May 10-16 2021
A post-mortem cellular analysis of the lungs
Infection by SARS-CoV-2 leads in 15% of cases to severe illness associated with respiratory distress syndrome and increased morbidity and mortality. The difficulties of taking samples from patients, often limited to broncho-alveolar fluids, hinders understanding of the consequences of infection at lung tissue level.
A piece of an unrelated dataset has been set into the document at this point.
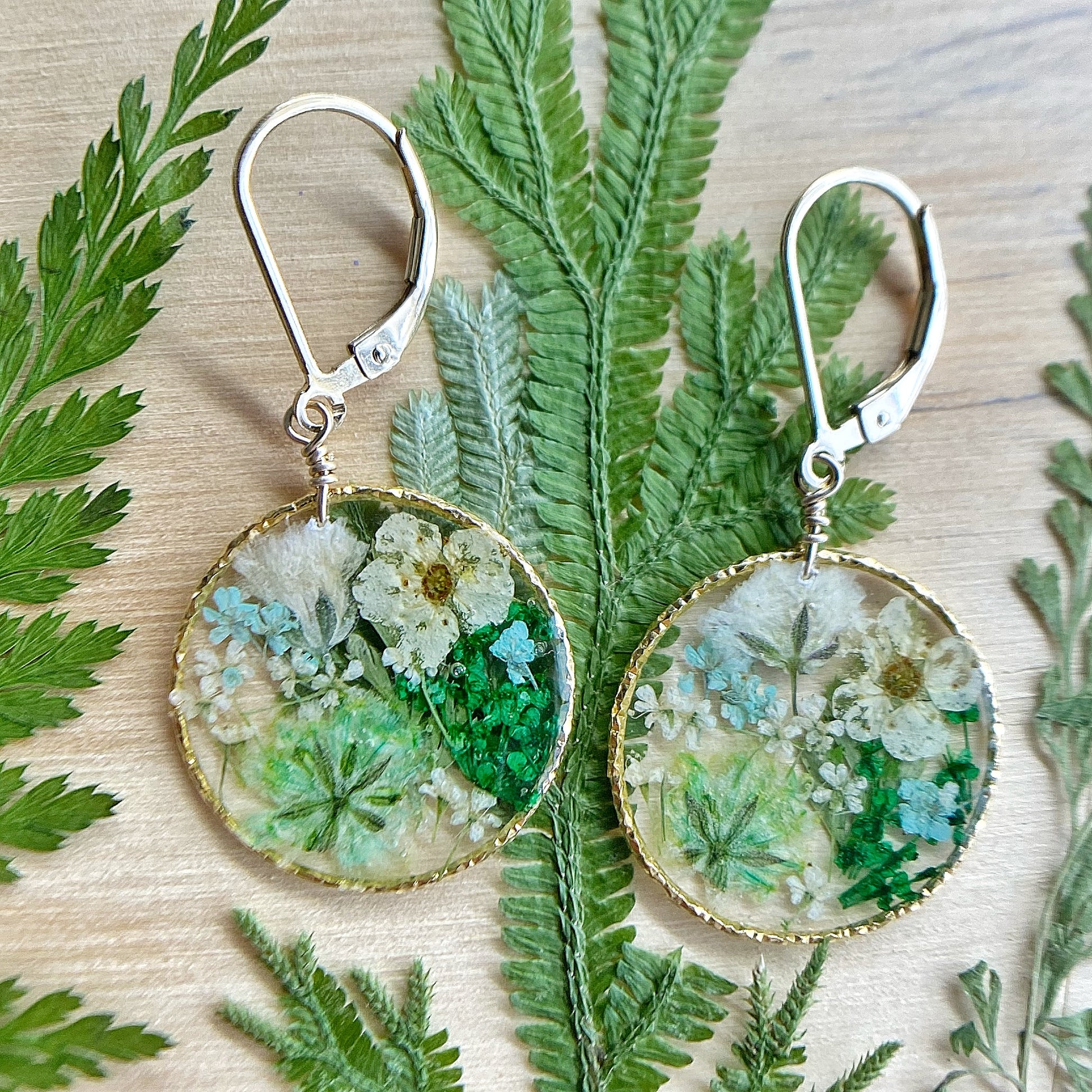 Dreamy pastel botanical garden earrings featuring forget me not flowers, baby’s breath flowers, queen anne’s lace flowers and natural ferns.

Researchers at the University of Columbia instigated a programme of rapid autopsies (under the direction of the Institutional Review Board) to remove and freeze the pulmonary tissues of COVID-19 patients in the ten hours following their deaths, so avoiding any deterioration. They analysed transcription profiles (transcriptome) by single-cell RNA sequencing (snRNA-seq). This work was carried out on a cohort of 19 people with an average age of 72 as well as on a control-cohort (non COVID-19) of 7 patients aged about 70, representing a total of 116 314 cells. The cells were identified and classified according to several criteria, such as markers expressed in the membrane (over or under-expression of specific genes) or their granularity (which reflects the internal complexity of the cell). In total, 9 cellular types were identified: epithelial and endothelial cells, myeloids, fibroblasts, T and B lymphocytes, neurons, mastocytes and antigen-presenting cells (including dendritic cells).
In COVID-19 patients overall, an increase in the number of myeloid cells was observed, in particular monocytes and macrophages that were aberrantly overactivated (over-expression of CTSB/D/Z, PSAP). This suggests that these cells are a major source of inflammatory deregulation in the lungs. The analysis of blood cells showed that antibody response was relatively well preserved (enrichment of the IGHV1-18/IGLV3-20 genetic combination producing neutralising antibodies). In COVID-19 patients, the number of alveolar cells (AT1 et AT2) was seen to be reduced. AT2 cells, which act as progenitor cells to regenerate the AT1 cells, can no longer make this transition (decrease in ETV5, CAV1).
By using a supplementary cohort of 23 patients and proteomic analyses, the researchers showed that the epithelial cells produce more IL-6 and the macrophages produce more IL-1β, two pro-inflammatory cytokines overexpressed in COVID-19 patients, compared to healthy patients or patients suffering from other pulmonary infections. Tuft cells (overexpression of ChAT, Pou2f3), involved in the inflammation of respiratory passages but whose role is little understood, were 3 times more present in the upper respiratory passages. The number of fibroblasts was also higher, in particular pathological fibroblasts (overexpression of CTHRC1, JunB/D).
This pulmonary transcriptome (or analysis of mRNA expression) at single-cell level provides an overall picture of the situation and cellular programming in the event of lethal cases of COVID-19. Supplementary analyses suggested that the aberrant activation of macrophages (via l’IL-1β) affects the regeneration of the alveolar tissue and promotes the expansion of pathological fibroblasts, leading to the rapid development of fibrosis. The pulmonary epithelial tissue destroyed by viral infection is therefore not regenerated in deceased patients. Although antibody response is satisfactory, an inadequate T response may contribute to a fatal outcome.
This study therefore helps us to better understand responses to SARS-CoV-2 and their clinical complications, but may also be integrated into larger scale modelling. In addition, it provides a base for therapeutic development, since it suggests inhibiting the activity of STAT3 and MMP14 proteins that may block the deregulation of fibroblasts.